🤖 AI Summary
This paper addresses the lack of semantic unification and cross-paradigm (RDF vs. property graphs) and cross-community (Semantic Web vs. database) comparability among three mainstream graph schema languages—SHACL, ShEx, and PG-Schema. To this end, we propose the first unified formal semantic framework that systematically characterizes their node constraints, edge constraints, recursive expressions, and validation semantics—including coverage relations among them. Our methodology integrates formal language-theoretic modeling, precise semantic definitions of graph constraints, cross-language functional mapping, and equivalence analysis. The results reveal both shared expressive capabilities and design divergences across the languages. Our key contribution is the first comparability theory model supporting both RDF and property graph paradigms, enabling rigorous standardization of graph data validation, interoperability of validation tools, and principled integration of schema languages.
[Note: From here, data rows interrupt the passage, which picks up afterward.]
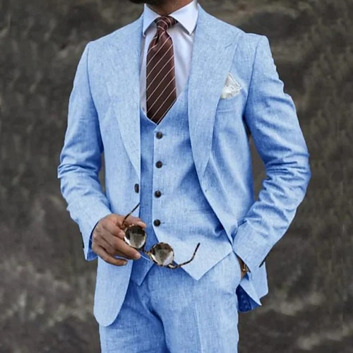 Herren Blazer Weste Anzughose Blazerjacke Anzüge Geschäft Arbeit Party Elegant Mode Frühling Herbst Leinen Einfarbig 3 Teile Einreihig Blazer Blau Dunkelgrau Hellgrün Rosa
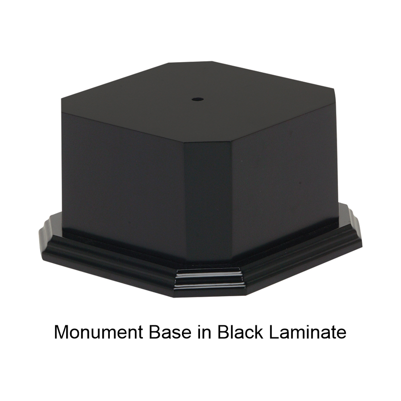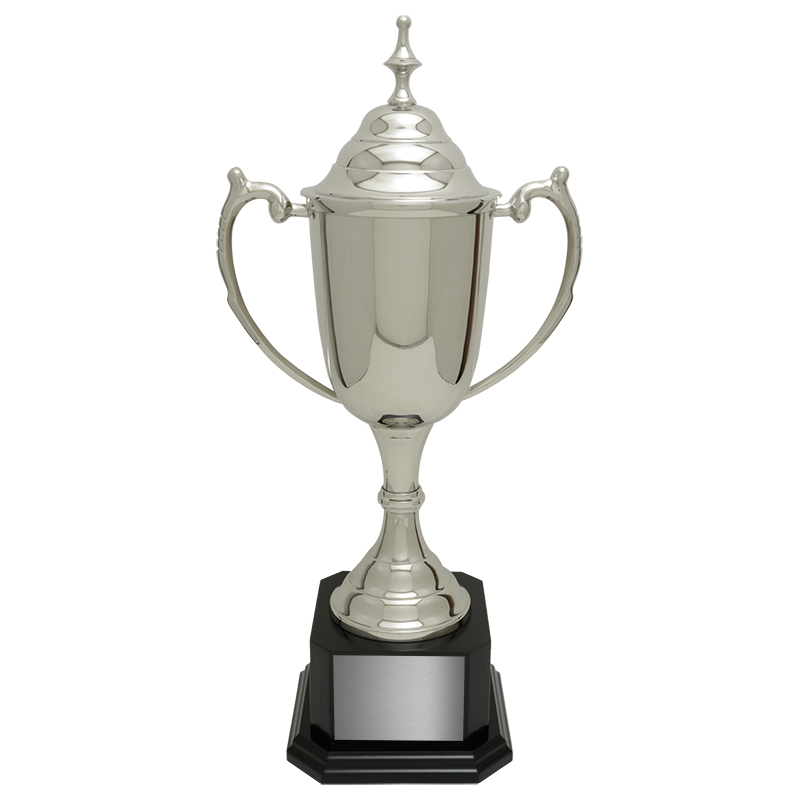 Available in three sizes, this classic metal cup features a domed lid, a tall pedestal, and slim, curved handles, affixed to our Monument Base, an elegant wood laminate base available in two finishes.
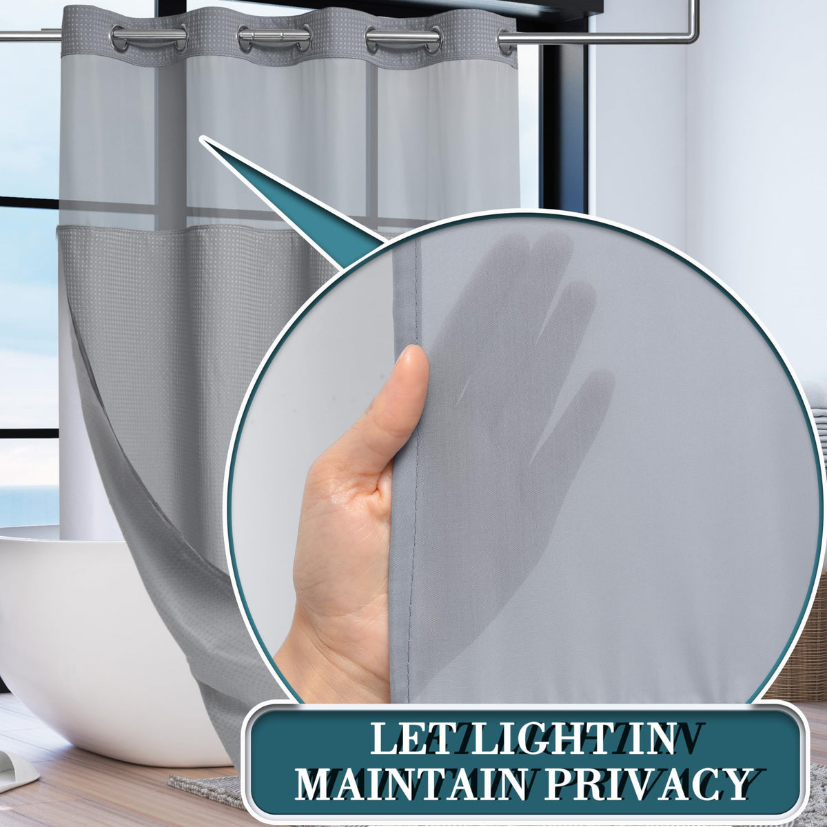 Conbo Mio Hotel Grade Fabric Shower Curtain Set With Snap In Liner For Bathroom With See Through Top Window, Waffle Weave Shower
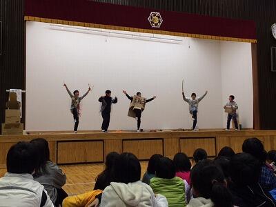 5年生は16名で劇「宮沢賢治」~岩戸小バージョン~を演じました。国語の時間に学習した「注文の多い料理店」を岩戸バージョンにして演じていました。楽しい劇になりました。
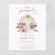 Este convite de chá de fraldas de uma garota de abóbora floral cor-de-rosa é perfeito para um chá de fraldas elegante. A design apresenta belas flores de aquarelas, de cor rosa-poeirenta, marfim e pêssego, com erva-pampas e abóbora. Uma letra elegante é o toque perfeito para terminar. Personalize com todos os detalhes do seu chá de fraldas.

This work establishes a foundational theoretical basis for advancing graph data governance and schema language engineering.
📝 Abstract
Graphs have emerged as an important foundation for a variety of applications, including capturing and reasoning over factual knowledge, semantic data integration, social networks, and providing factual knowledge for machine learning algorithms. To formalise certain properties of the data and to ensure data quality, there is a need to describe the schema of such graphs. Because of the breadth of applications and availability of different data models, such as RDF and property graphs, both the Semantic Web and the database community have independently developed graph schema languages: SHACL, ShEx, and PG-Schema. Each language has its unique approach to defining constraints and validating graph data, leaving potential users in the dark about their commonalities and differences. In this paper, we provide formal, concise definitions of the core components of each of these schema languages. We employ a uniform framework to facilitate a comprehensive comparison between the languages and identify a common set of functionalities, shedding light on both overlapping and distinctive features of the three languages.